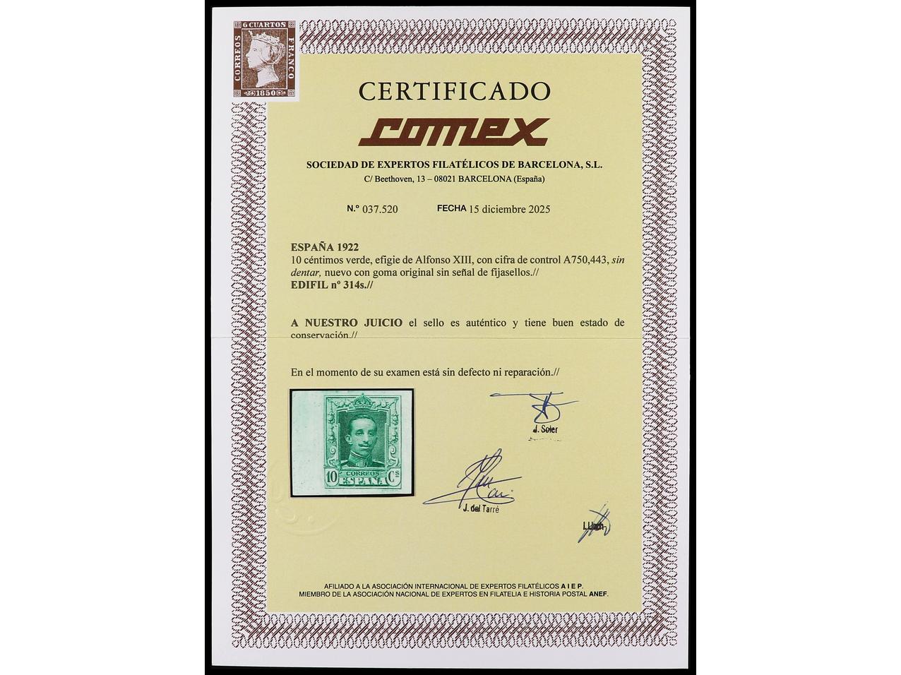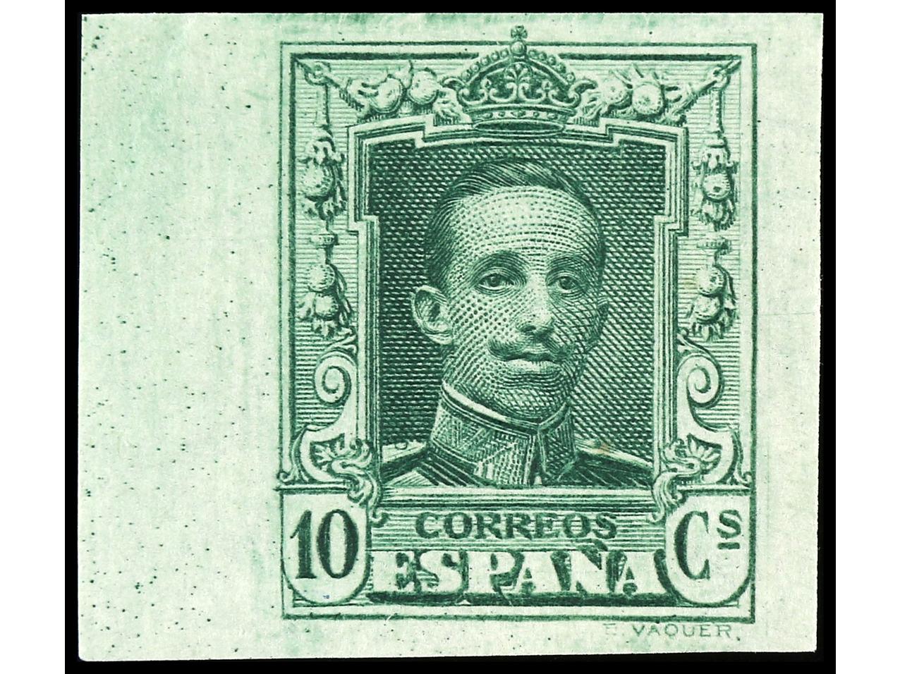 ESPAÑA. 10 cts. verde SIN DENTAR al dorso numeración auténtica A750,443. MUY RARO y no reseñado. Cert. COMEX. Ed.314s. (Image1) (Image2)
┄┄┄┄┄┄
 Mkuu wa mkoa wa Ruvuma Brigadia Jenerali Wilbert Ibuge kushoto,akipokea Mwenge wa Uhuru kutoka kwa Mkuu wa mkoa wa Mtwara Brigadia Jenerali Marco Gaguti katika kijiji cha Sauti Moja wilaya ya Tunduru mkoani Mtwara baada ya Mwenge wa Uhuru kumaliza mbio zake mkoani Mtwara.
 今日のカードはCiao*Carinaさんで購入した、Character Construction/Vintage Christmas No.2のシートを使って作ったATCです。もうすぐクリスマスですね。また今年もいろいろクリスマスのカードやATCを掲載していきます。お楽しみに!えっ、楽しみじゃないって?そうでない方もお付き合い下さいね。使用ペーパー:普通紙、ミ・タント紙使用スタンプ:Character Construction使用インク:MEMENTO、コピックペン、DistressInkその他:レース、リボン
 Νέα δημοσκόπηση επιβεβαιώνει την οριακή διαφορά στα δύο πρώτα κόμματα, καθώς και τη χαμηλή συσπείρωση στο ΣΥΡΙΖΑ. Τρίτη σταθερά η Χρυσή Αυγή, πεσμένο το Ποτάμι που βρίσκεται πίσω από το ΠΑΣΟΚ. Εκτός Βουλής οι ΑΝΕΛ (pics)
┄┄┄┄┄┄
Description of the task: Scan the records above for the lines holding "Mkuu wa mkoa wa Ruvuma" and "Νέα δημοσκόπηση επιβεβαιώνει". Transcribe those two and every line between them word for word, and no others.

Reply to the exercise:
 Mkuu wa mkoa wa Ruvuma Brigadia Jenerali Wilbert Ibuge kushoto,akipokea Mwenge wa Uhuru kutoka kwa Mkuu wa mkoa wa Mtwara Brigadia Jenerali Marco Gaguti katika kijiji cha Sauti Moja wilaya ya Tunduru mkoani Mtwara baada ya Mwenge wa Uhuru kumaliza mbio zake mkoani Mtwara.
 今日のカードはCiao*Carinaさんで購入した、Character Construction/Vintage Christmas No.2のシートを使って作ったATCです。もうすぐクリスマスですね。また今年もいろいろクリスマスのカードやATCを掲載していきます。お楽しみに!えっ、楽しみじゃないって?そうでない方もお付き合い下さいね。使用ペーパー:普通紙、ミ・タント紙使用スタンプ:Character Construction使用インク:MEMENTO、コピックペン、DistressInkその他:レース、リボン
 Νέα δημοσκόπηση επιβεβαιώνει την οριακή διαφορά στα δύο πρώτα κόμματα, καθώς και τη χαμηλή συσπείρωση στο ΣΥΡΙΖΑ. Τρίτη σταθερά η Χρυσή Αυγή, πεσμένο το Ποτάμι που βρίσκεται πίσω από το ΠΑΣΟΚ. Εκτός Βουλής οι ΑΝΕΛ (pics)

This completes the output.